Discuss what the values mean and potential factors affecting the relationship.


In [None]:

# Scatter plot between Air Quality and Water Pollution
x = 'Air Quality'
y = 'Water Pollution'

plt.figure(figsize=(7,5))
plt.scatter(df[x], df[y], s=50, alpha=0.6, marker='D', edgecolor='black')
plt.title('Scatter: Water Pollution vs Air Quality')
plt.xlabel('Air Quality (index units)')
plt.ylabel('Water Pollution (index units)')
plt.grid(True, linestyle=':', alpha=0.6)
plt.show()

# Compute Pearson and Spearman correlations (drop NA pairwise)
pair_df = df[[x,y]].dropna()
pearson_r, pearson_p = stats.pearsonr(pair_df[x], pair_df[y])
spearman_r, spearman_p = stats.spearmanr(pair_df[x], pair_df[y])

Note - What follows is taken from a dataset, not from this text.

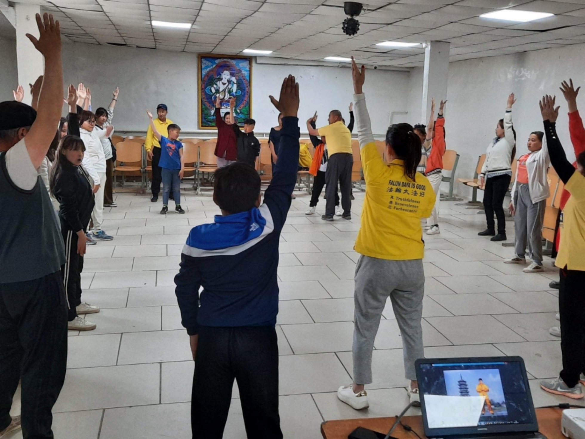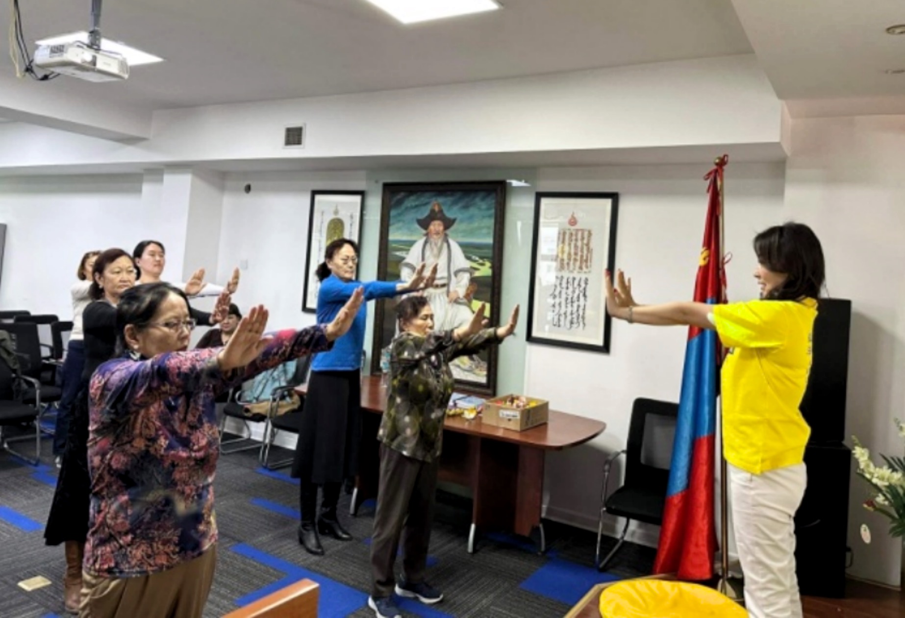 图1:法轮功学员在乌兰巴托双子塔会议中心介绍法轮大法,有缘人学炼法轮功。

print(f"Pearson correlation: r = {pearson_r:.3f}, p-value = {pearson_p:.3g}")
print(f"Spearman correlation: rho = {spearman_r:.3f}, p-value = {spearman_p:.3g}")


**Discussion (fill in):**
- Interpret strength and direction of correlation values.
- Do the correlations make sense given the scatter plot?
- Suggest real-world reasons why Air Quality and Water Pollution could be associated or independent.


---
## 4. Dependence / Independence

We compute two measures of dependence (Pearson and Spearman as above). Additionally, present a short discussion on possible confounders and data collection issues that could influence the observed relationship.

Replace the placeholder text below with your analysis.


**Potential factors influencing dependence/independence (examples you can adapt):**

- Geographic clustering: cities in the same region may have similar pollution profiles.
- Industrial activity: regions with heavy industry likely higher in both air and water pollution.
- Measurement methods and time differences: if measurements taken in different years or with different protocols, apparent association may be biased.
- Socioeconomic factors: wealthier cities may have lower pollution levels.


---
## 5. Presentation Checklist

- Ensure all code cells have preceding Markdown explaining purpose.
- All required outputs are printed and rounded to three decimals.
- All plots have titles, axis labels, units, and changed plotting parameters.
- Export the notebook to PDF (Webpdf) and confirm visuals are legible in the PDF.


---
## 6. Group Work Assessment Survey

Each team member must complete the peer-evaluation survey provided by the instructor. Ensure every member submits it separately.